Here is an example of a simple link

# Python program to demonstrate concurrent linking

def producer(sentence, next_coroutine):
    '''
    producer It's just a matter of splitting the string and
    give pattern_filter concurrent program
    tokens = (" ")
    for token in tokens:
        next_coroutine.send(token)
    next_coroutine.close()
def pattern_filter(pattern="ing", next_coroutine=None):
    Search for patterns in received tokens，If the pattern matches，
    Send it to print_token() concurrent program进行打印
    print("Searching for {}".format(pattern))
    try:
        while True:
            token = (yield)
            if pattern in token:
                next_coroutine.send(token)
    except GeneratorExit:
        print("Filtering complete!!!")
def print_token():
    act as a receiver，Simply print the received token
    print("I'm sunk, I'll print the token.")
            print(token)
        print("Printing complete!")
pt = print_token()
pt.__next__()
pf = pattern_filter(next_coroutine = pt)
pf.__next__()
sentence = "Haiyong is running behind a fast moving car"
producer(sentence, pf)

Output:

I'm sunk. I'll print the token.
Searching for ing
running
moving
Filtering complete!
Printing is complete!

summarize

1. Threads and co-threads are recommended for IO-intensive tasks (such as network calls) and perform poorly in CPU-intensive tasks.
2. For CPU-intensive tasks, multiple processes are required to bypass the GIL limitations and utilize all available CPU cores to increase efficiency.
3. The best practice under high concurrency is multi-process + co-processing, not only to take full advantage of the multi-core, but also to give full play to the high efficiency of the co-processing, you can get very high performance.

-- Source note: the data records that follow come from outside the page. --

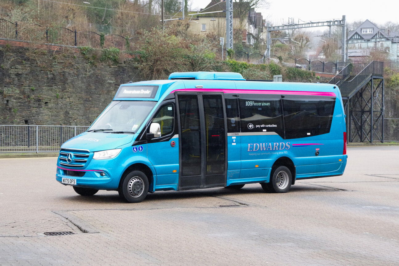 For use on tendered Pontypridd town services Edwards have recently replaced their Ilesbus bodied Iveco for a slightly larger Ilesbus bodied Mercedes-Benz Sprinter. This has also been painted into the coach style livery and is seen leaving Pontypridd Bus Station on a 109 journey. Pontypridd Bus Station - 2026.
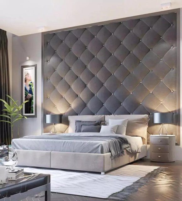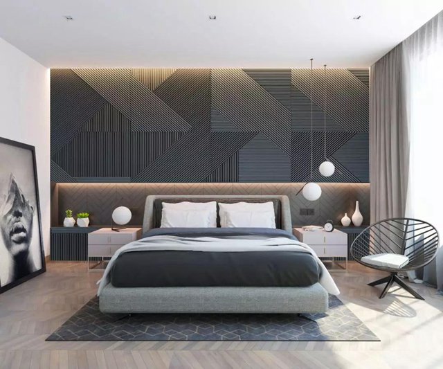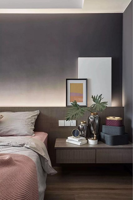 軟包背景墻所使用的材質柔軟細膩,比較柔和、舒緩,能夠營造出非常愜意的睡眠空間,讓臥室顯得更加高雅舒適,同時凸顯主人極為高雅的家居品味。軟包的材質造型、花樣也都不拘一格,可以根據自己的喜好與需求來定。
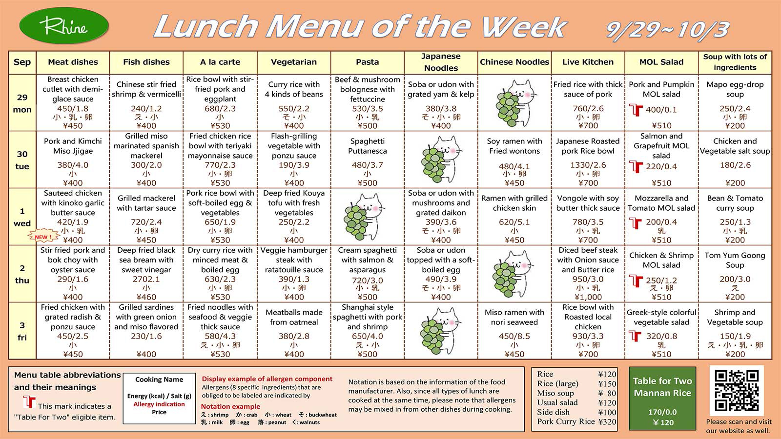Weekly Lunch Menu 9/29~10/3 (11:30~13:30)
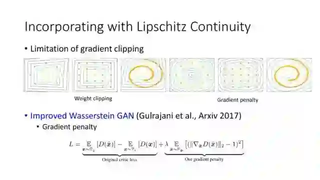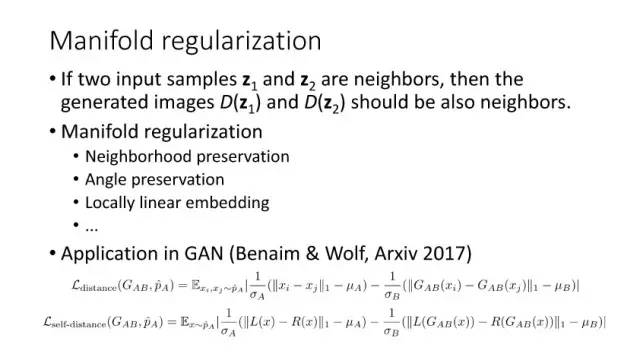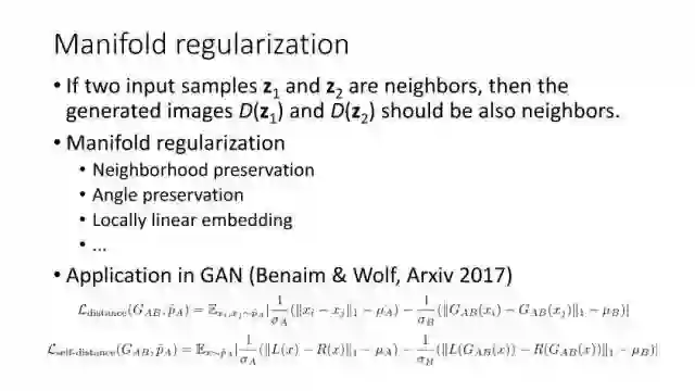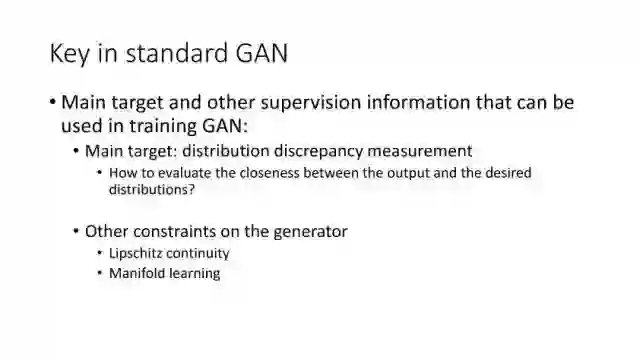后面15年Li等人提出Generative Moment Matching Networks (GMMN)来利用核方法优化求解问题。Salimans等在2016年提出改进的GAN,将问题限制在Lipschitz连续性上,从而解决梯度消失的问题。Arjovsky等人提出Wasserstein GAN,利用Wasserstein距离来度量。另外一个优化方向可以从流行学习角度出发,从而考虑两个分布之间的局部关系。
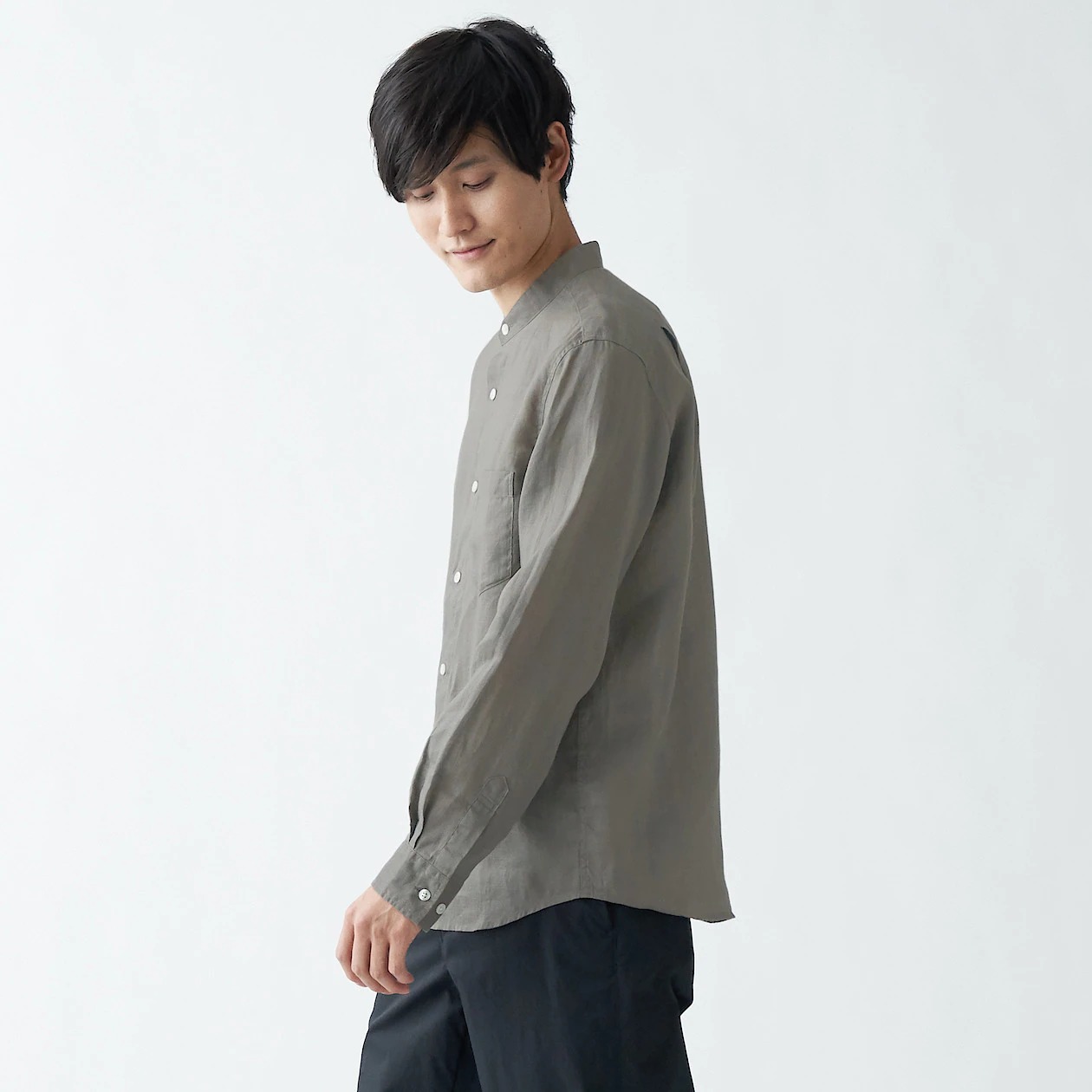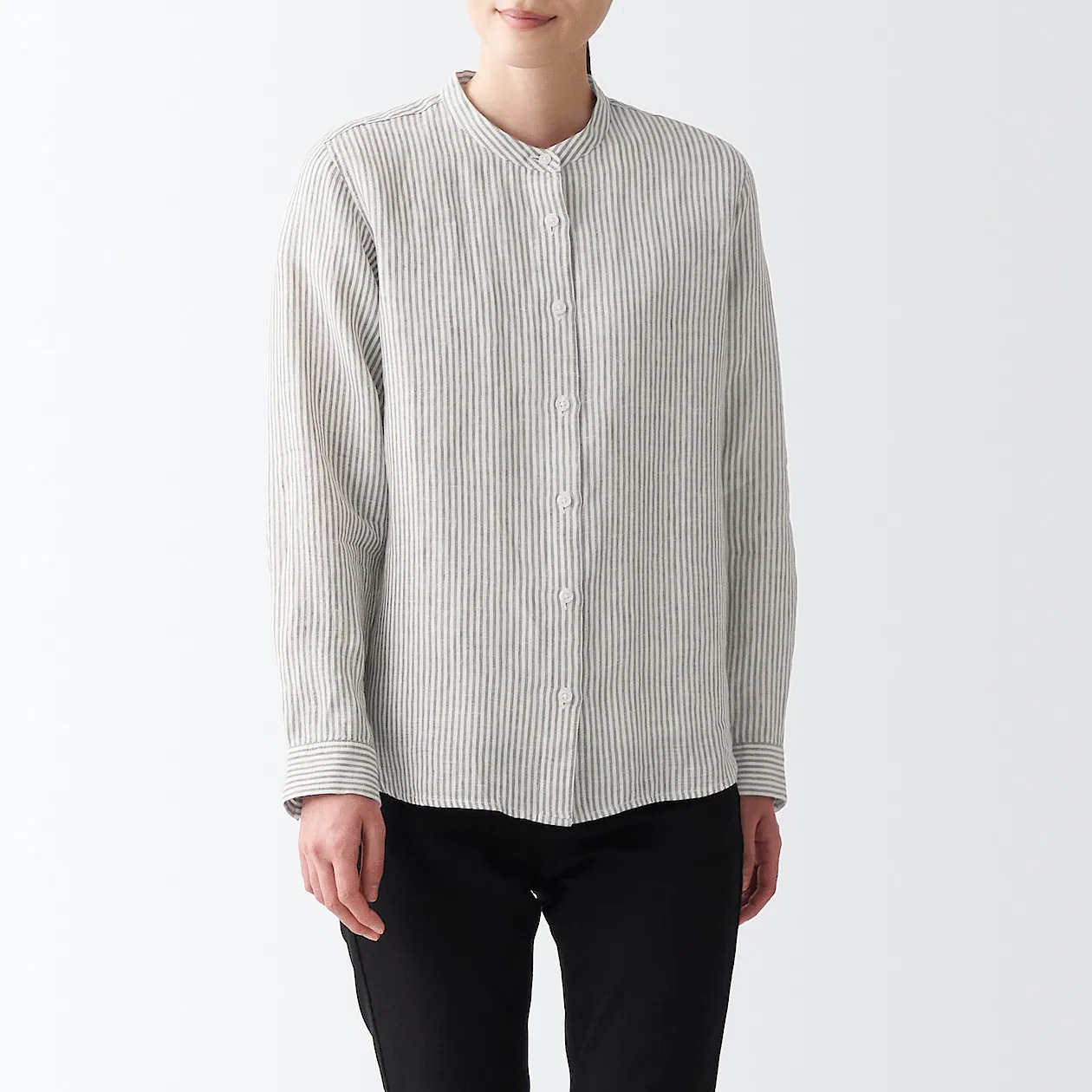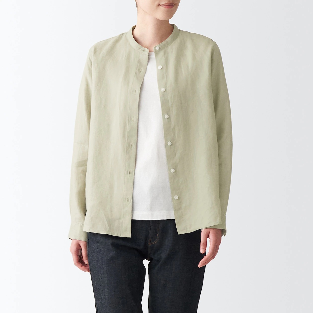 ②女有機亞麻水洗立領襯衫 (預計4月上市)
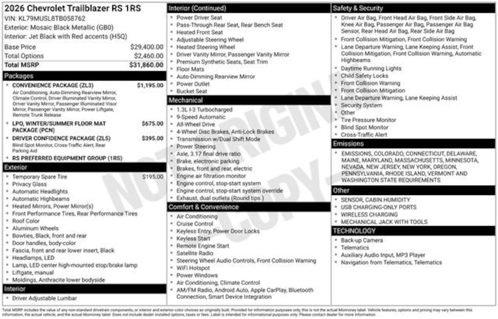 Schumacher Chevrolet of Boonton is excited to offer this wonderful 2026 Chevrolet TrailBlazer RS in Mosaic Black Metallic Beautifully equipped with Convenience Package (1 Type-A & 1 Type-C USB Charging-Only Ports, 120-Volt Power Outlet, Cabin Humidity Sensor, Dr & Fr Passenger Illuminated Vanity Mirrors, Hands Free Power Programmable Liftgate, Inside Rear-View Auto-Dimming Mirror, Single-Zone Automatic Climate Control, and Wireless Charging), Driver Confidence Package (Lane Change Alert w/Side Blind Zone Alert, Rear Cross Traffic Alert, and Rear Park Assist), Preferred Equipment Group 1RS, Winter/Summer Floor Mat Package (LPO) (Front & Rear All-Weather Floor Liners (LPO) and Premium Carpeted Floor Mats), 1 Type-A & 1 Type-C USB Ports, 2-Way Power Driver Lumbar Seat Adjuster, 3.17 Final Drive Axle Ratio, 4-Way Manual Front Passenger Seat Adjuster, 4-Wheel Disc Brakes, 6 Speakers, 6-Speaker Audio System Feature w/Amplifier, 8-Way Power Driver Seat Adjuster, ABS brakes, Air Conditioning, Alloy wheels, AM/FM radio: SiriusXM, Apex Red Two-Tone Roof, Auto High-beam Headlights, Brake assist, Bumpers: body-color, Compass, Delay-off headlights, Driver door bin, Driver vanity mirror, Dual front impact airbags, Dual front side impact airbags, Electronic Stability Control, Emergency communication system: OnStar and Chevrolet connected services capable, Evotex Seat Trim, Exterior Parking Camera Rear, Flat-Folding Front Passenger Seatback, Front anti-roll bar, Front Bucket Seats, Front Center Armrest, Front reading lights, Front wheel independent suspension, Fully automatic headlights, Heated door mirrors, Heated Driver & Front Passenger Seats, Heated front seats, Heated steering wheel, Illuminated entry, Knee airbag, Low tire pressure warning, Mechanical Jack w/Tools, Occupant sensing airbag, Overhead airbag, Overhead console, Panic alarm, Passenger door bin, Passenger vanity mirror, Power door mirrors, Power driver seat, Power steering, Power windows, Radio data system, Radio: AM/FM Stereo Audio System, Rear seat center armrest, Rear side impact airbag, Rear window defroster, Rear window wiper, Remote keyless entry, Ride & Handling Suspension, Security system, SiriusXM Trial Subscription, Speed control, Split folding rear seat, Spoiler, Steering wheel mounted audio controls, Tachometer, Telescoping steering wheel, Tilt steering wheel, Traction control, Trip computer, Variably intermittent wipers, Wheels: 19 High Gloss Black Machined Aluminum, and Wireless Apple CarPlay/Android Auto!

CPU-intensive: multi-process
IO-intensive: multi-threaded (concurrent threads are expensive to maintain and do not provide significant efficiency gains in reading and writing files)
CPU-intensive and IO-intensive: multiprocessing + concatenation

To this point, this article on Python Advanced Tutorial of the thread process and concurrent code analysis of the article is introduced to this, more related to Python thread process and concurrent content, please search for my previous articles or continue to browse the following related articles I hope you will support me in the future more!